I'm hopping the warmer weather will bring some relief. Prayers out to you and your kind heart.
; )
 
I'm not sure why my post didn't show in, maybe it will later. I don't know you full situation, but maybe it is not you letting anyone down, you have exceptional circumstances and given these circumstances perhaps they are the ones letting you down??? Just saying, I read your kind, compassionate post, i can hear your nurturing spirit. Please don't feel guilty for not living up to someone else's standees and forgive those who demand what they themselves aren't giving. I could be way off and if so please forgive me. But the people wanting more from you then you can give aren't going to do it.

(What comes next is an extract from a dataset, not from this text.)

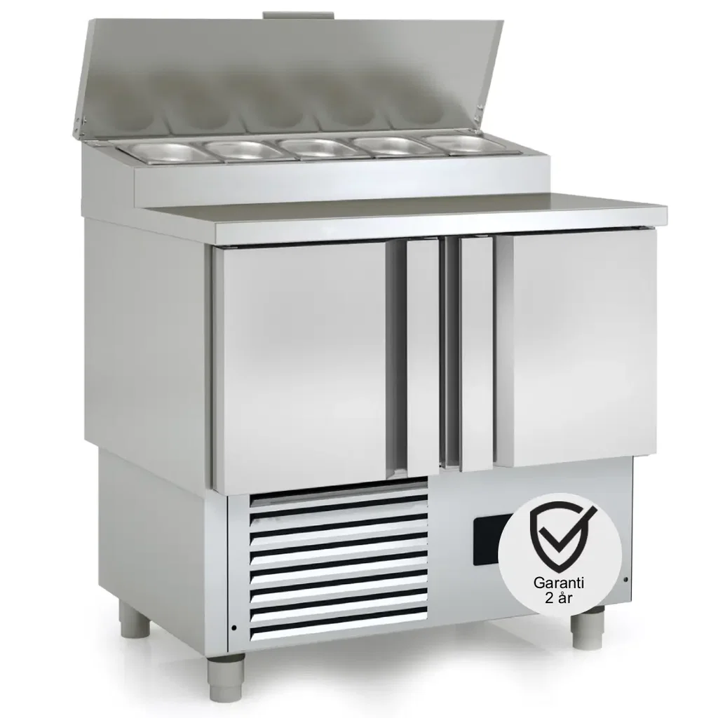 Saladette 5xGN1/4 med 2 dörrar tillverkad helt i rostfritt AISI304-stål
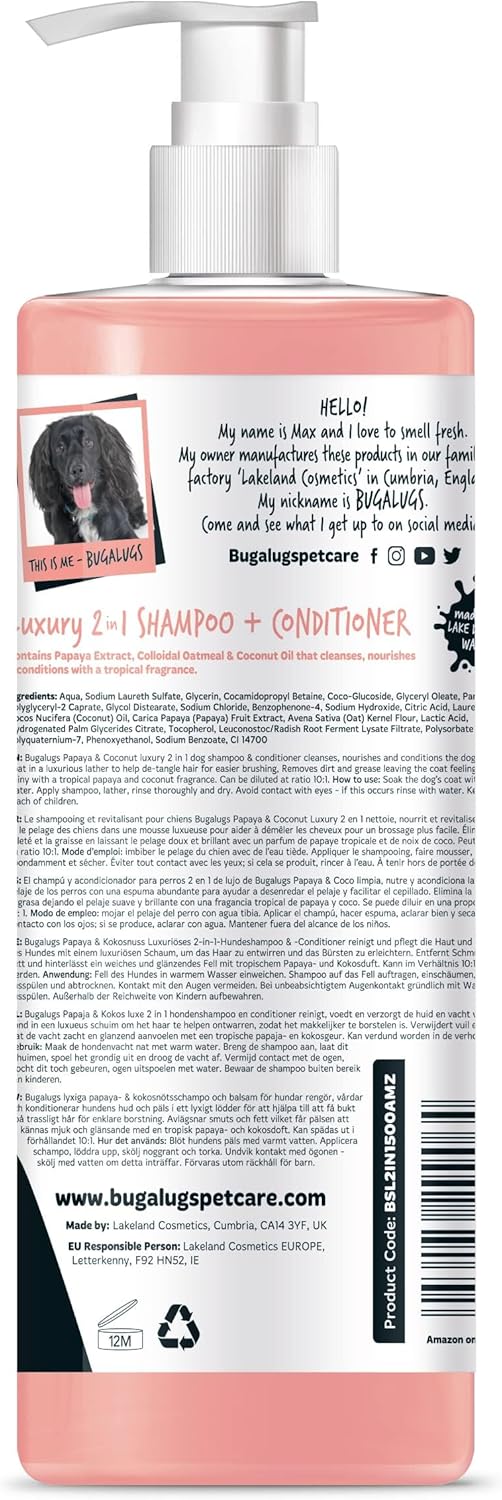 • 2 in 1 dog shampoo & conditioner– that cleanses, nourishes and conditions your dog’s coat with a tropical papaya & coconut fragrance.

Love yourself as you clearly live others. May peace fall upon your heart and the answers become clear.
Lots of gentle hugs!!!
 
You are sweet Eyesup...wish we were neighbours toooo. Your words are very welcome and i appreciate the understanding more than i could express. It is loving myself i am finding so hard as i absorb everyone else's comments and the last year or more has been so full of negative events in so many ways that would be too personal to post on a forum.
 
Hi there, Willow :) So sorry to read your fibro is really bad right now, it sounds like you are going through so much. I think you are so strong, and I'd not blame you if you lost your faith in god, at time I feel the same way. Feeling isolated it's so easy when you suffer from this, but I am glad you fund us and this amazing forum!